The converters operate in a reduced-radix mode. That means that rather than being a binary radix where each stage has a gain of two, Agilent reduced the radix to a gain of 1.6. That gave them redundant code so it can account for comparator offsets, and amplifier gain and offset errors. The block labeled radix converters converts the radix and takes care of some of the fine tuning or impairments that might be there. Then there's the on-chip memory. Its job is to handle the full 160 data bits per second. It provides a buffer and solves the problem of how to get the data off the chip. Toward the front end of the block diagram are the 80 track-and-hold (T/H), which are timed precisely. Additionally, since there are 80 different converters on the chip, the input capacitance is high and must be controlled.

Setterberg alluded to the fact that the design relies heavily on calibration to make it work. It turns out that scopes have calibration sources built into them for calibrating the channels and the probes. The team took advantage of those to help calibrate the chips. There's also a PC motherboard in the scope with a Pentium processor, and we can use that for computing calibration coefficients and upload them into the converter chip.
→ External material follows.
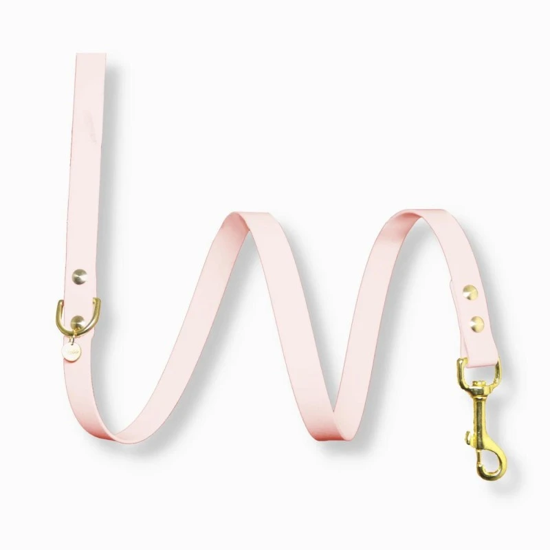 Conçue en sangle TPU imperméable grise et bouclerie dorée en laiton, cette laisse pour chien made in France sera idéale pour vos promenades les plus sportives grâce à sa facilitée d’entretien.

I asked Brian if Agilent had any plans to use this concurrent-design concept, having the designers of the chips work alongside the designers of the equipment for other products. He said, not giving anything away, that it's hard to say—but at Agilent Labs we tend to do a lot projects for key technology that have a lot of risk. It's generally not possible to do it for every design. In this case, we had proof from a previous design that it worked, and that helped give us confidence that we could pull this off.